YOUR INSTRUCTIONS >> Every line below should be set down exactly as it appears.

DATASET ENTRIES >>
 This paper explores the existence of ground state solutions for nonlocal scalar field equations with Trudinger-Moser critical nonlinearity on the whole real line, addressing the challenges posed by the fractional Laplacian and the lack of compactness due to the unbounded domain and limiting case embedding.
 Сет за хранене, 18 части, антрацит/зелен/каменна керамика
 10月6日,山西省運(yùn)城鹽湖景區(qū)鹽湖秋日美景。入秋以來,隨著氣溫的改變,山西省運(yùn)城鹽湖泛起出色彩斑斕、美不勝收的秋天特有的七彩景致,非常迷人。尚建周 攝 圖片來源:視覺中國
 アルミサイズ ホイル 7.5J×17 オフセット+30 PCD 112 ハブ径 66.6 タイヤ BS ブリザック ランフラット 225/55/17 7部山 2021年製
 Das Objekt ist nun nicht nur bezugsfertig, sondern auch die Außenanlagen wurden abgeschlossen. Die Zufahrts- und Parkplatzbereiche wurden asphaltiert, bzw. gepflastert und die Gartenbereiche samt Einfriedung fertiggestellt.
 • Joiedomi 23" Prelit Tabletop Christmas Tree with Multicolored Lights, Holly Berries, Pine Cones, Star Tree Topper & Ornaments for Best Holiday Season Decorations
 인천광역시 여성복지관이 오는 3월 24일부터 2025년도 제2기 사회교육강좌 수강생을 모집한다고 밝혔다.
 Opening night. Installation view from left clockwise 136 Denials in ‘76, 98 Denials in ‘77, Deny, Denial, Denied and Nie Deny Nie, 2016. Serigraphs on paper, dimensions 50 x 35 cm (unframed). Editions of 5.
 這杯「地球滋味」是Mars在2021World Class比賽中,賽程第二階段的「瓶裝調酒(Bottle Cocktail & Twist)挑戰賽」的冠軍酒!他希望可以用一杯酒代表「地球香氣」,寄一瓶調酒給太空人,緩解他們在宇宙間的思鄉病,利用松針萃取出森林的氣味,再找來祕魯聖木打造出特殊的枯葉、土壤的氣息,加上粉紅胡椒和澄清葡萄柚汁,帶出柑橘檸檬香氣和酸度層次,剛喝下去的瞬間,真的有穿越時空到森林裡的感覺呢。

RESPONSE >>
 This paper explores the existence of ground state solutions for nonlocal scalar field equations with Trudinger-Moser critical nonlinearity on the whole real line, addressing the challenges posed by the fractional Laplacian and the lack of compactness due to the unbounded domain and limiting case embedding.
 Сет за хранене, 18 части, антрацит/зелен/каменна керамика
 10月6日,山西省運(yùn)城鹽湖景區(qū)鹽湖秋日美景。入秋以來,隨著氣溫的改變,山西省運(yùn)城鹽湖泛起出色彩斑斕、美不勝收的秋天特有的七彩景致,非常迷人。尚建周 攝 圖片來源:視覺中國
 アルミサイズ ホイル 7.5J×17 オフセット+30 PCD 112 ハブ径 66.6 タイヤ BS ブリザック ランフラット 225/55/17 7部山 2021年製
 Das Objekt ist nun nicht nur bezugsfertig, sondern auch die Außenanlagen wurden abgeschlossen. Die Zufahrts- und Parkplatzbereiche wurden asphaltiert, bzw. gepflastert und die Gartenbereiche samt Einfriedung fertiggestellt.
 • Joiedomi 23" Prelit Tabletop Christmas Tree with Multicolored Lights, Holly Berries, Pine Cones, Star Tree Topper & Ornaments for Best Holiday Season Decorations
 인천광역시 여성복지관이 오는 3월 24일부터 2025년도 제2기 사회교육강좌 수강생을 모집한다고 밝혔다.
 Opening night. Installation view from left clockwise 136 Denials in ‘76, 98 Denials in ‘77, Deny, Denial, Denied and Nie Deny Nie, 2016. Serigraphs on paper, dimensions 50 x 35 cm (unframed). Editions of 5.
 這杯「地球滋味」是Mars在2021World Class比賽中,賽程第二階段的「瓶裝調酒(Bottle Cocktail & Twist)挑戰賽」的冠軍酒!他希望可以用一杯酒代表「地球香氣」,寄一瓶調酒給太空人,緩解他們在宇宙間的思鄉病,利用松針萃取出森林的氣味,再找來祕魯聖木打造出特殊的枯葉、土壤的氣息,加上粉紅胡椒和澄清葡萄柚汁,帶出柑橘檸檬香氣和酸度層次,剛喝下去的瞬間,真的有穿越時空到森林裡的感覺呢。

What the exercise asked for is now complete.